_EXERCISE INSTRUCTIONS_.
Please give back the listing exactly, without any of its pictures.

_MATERIAL PROVIDED_.
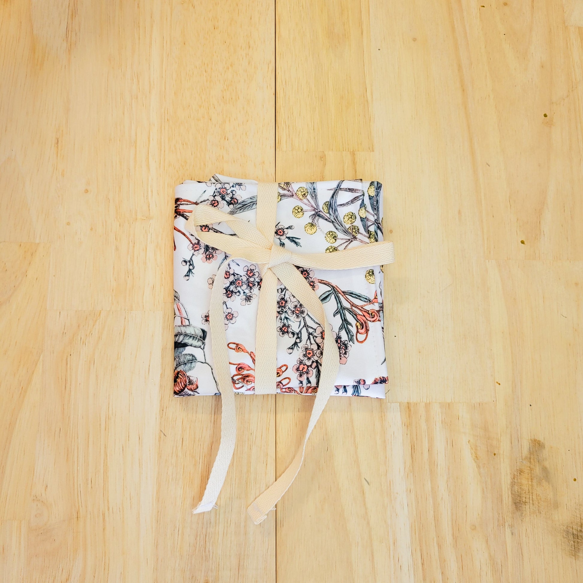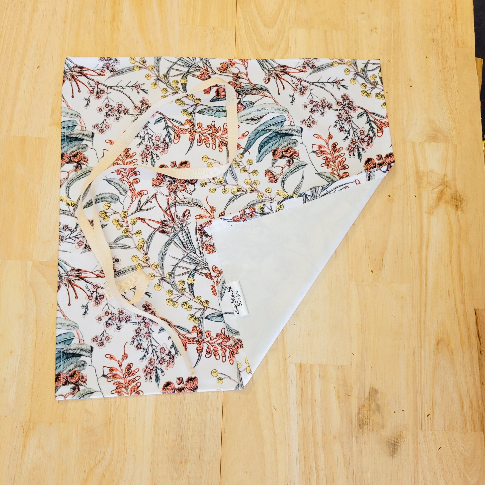 Our Food wraps are made from a high-quality laminated fabric and a 100% cotton ribbon which can be washed by placing in the washing machine. Once the food is wrapped you can secure it by tying a bow, this allows little fingers to open easily.
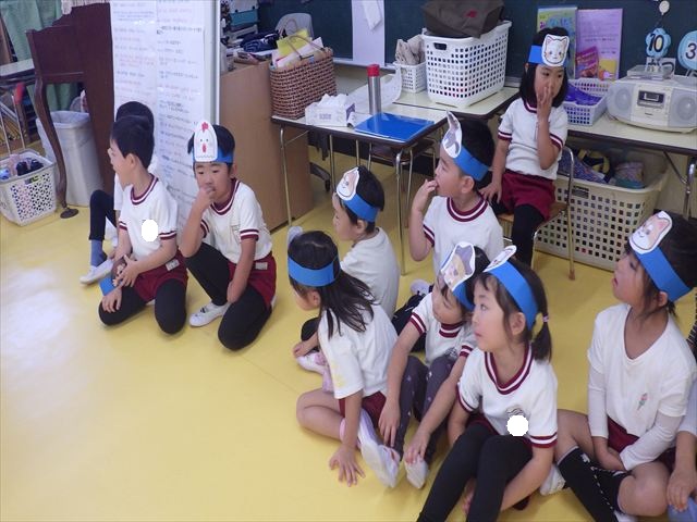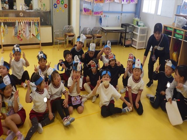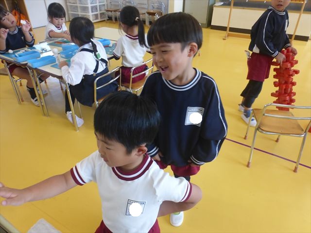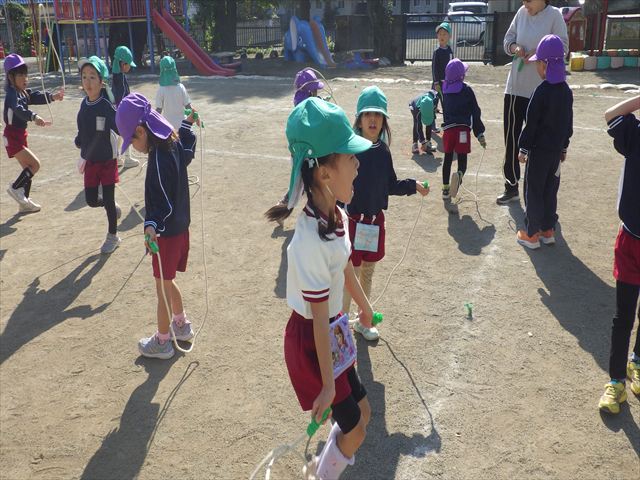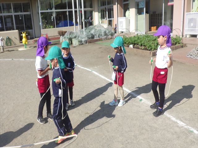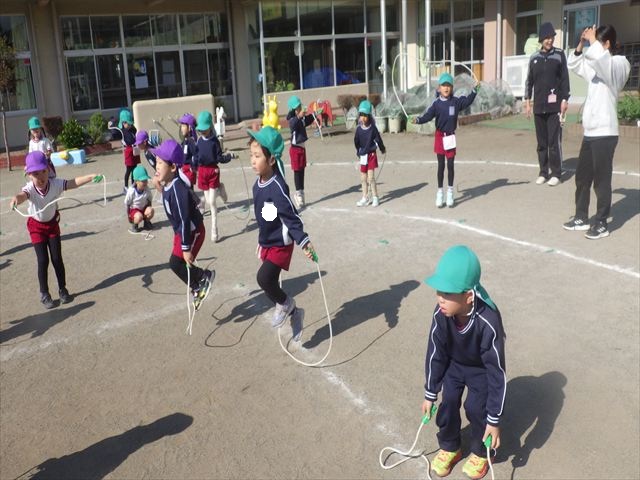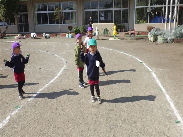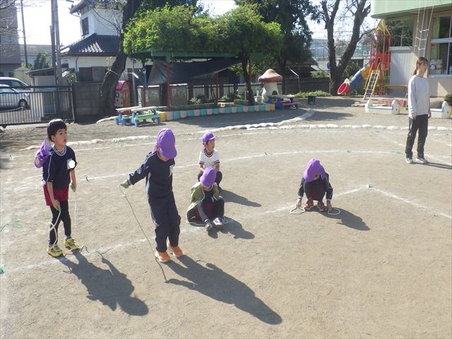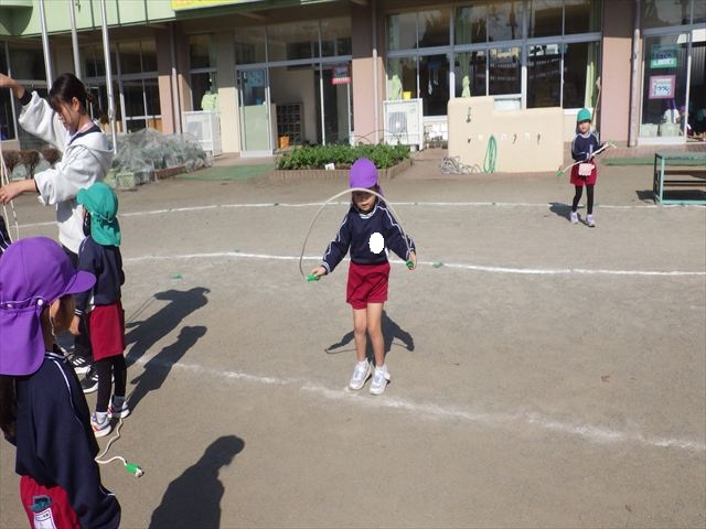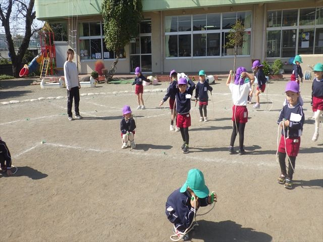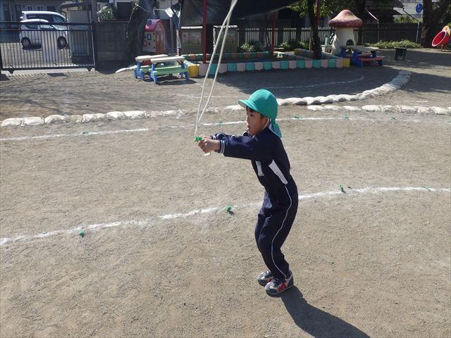 今日は、サーキットの後なわとびの練習をしました。少し練習をした後は、ルール説明をして、縄跳び大会のようにしました。少しずつ飛べるようになってきました♪たくさん飛べるように練習をがんばるぞ!
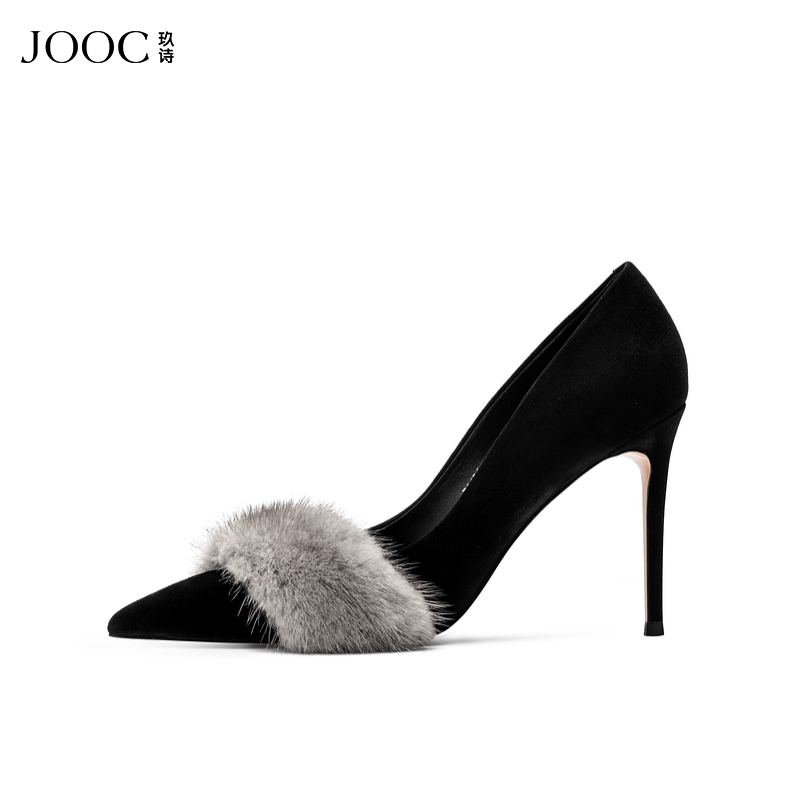 JOOC玖诗细跟高跟鞋2025当季热卖水貂毛气质单鞋尖头浅口名媛女鞋
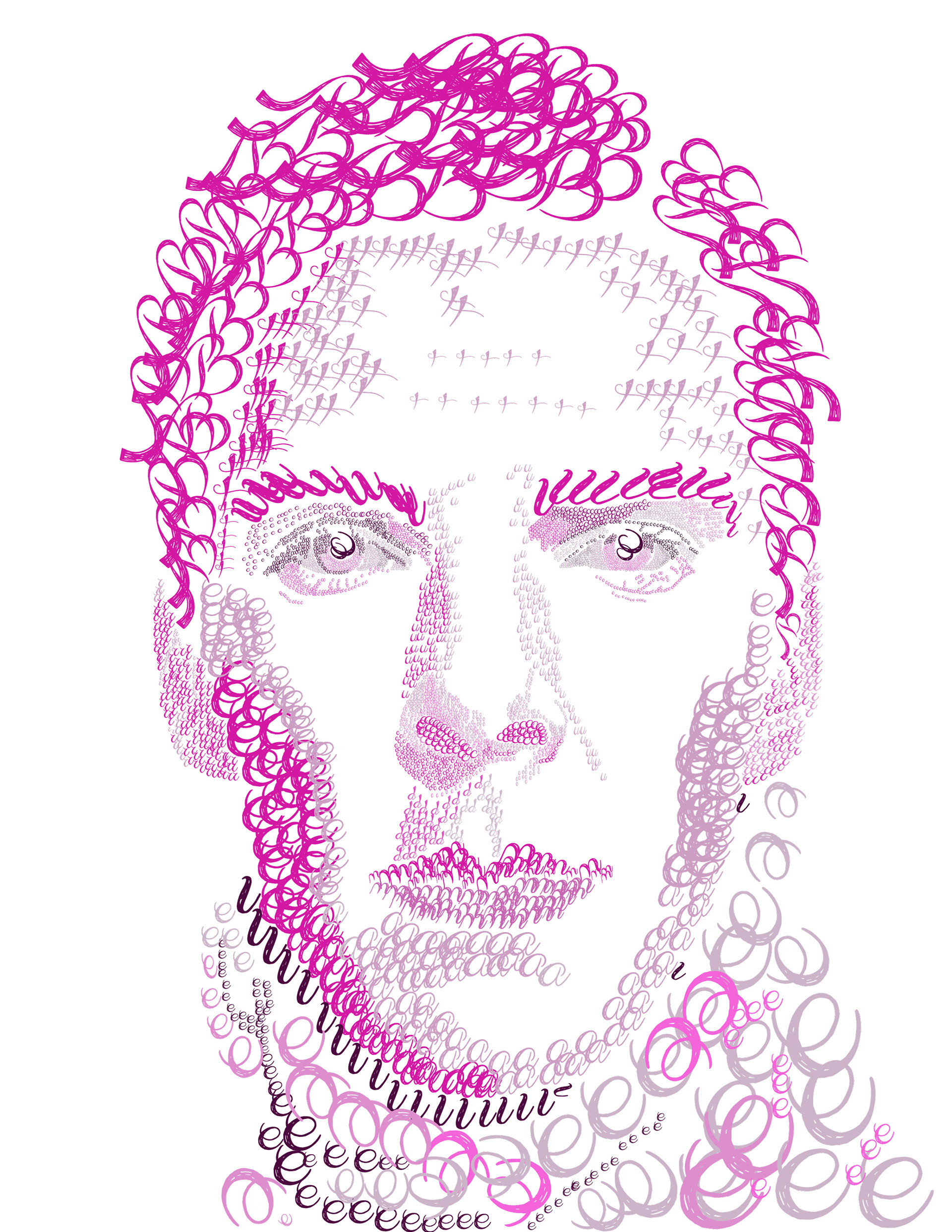 The portrait of Benedict Cumberbatch is a piece I created in Adobe Illustrator. The challenge was to use one font and only one color to create shades. For this illustration, only the letters of the actor’s name were used.

_TASK OUTPUT_.
 Our Food wraps are made from a high-quality laminated fabric and a 100% cotton ribbon which can be washed by placing in the washing machine. Once the food is wrapped you can secure it by tying a bow, this allows little fingers to open easily.
 今日は、サーキットの後なわとびの練習をしました。少し練習をした後は、ルール説明をして、縄跳び大会のようにしました。少しずつ飛べるようになってきました♪たくさん飛べるように練習をがんばるぞ!
 JOOC玖诗细跟高跟鞋2025当季热卖水貂毛气质单鞋尖头浅口名媛女鞋
 The portrait of Benedict Cumberbatch is a piece I created in Adobe Illustrator. The challenge was to use one font and only one color to create shades. For this illustration, only the letters of the actor’s name were used.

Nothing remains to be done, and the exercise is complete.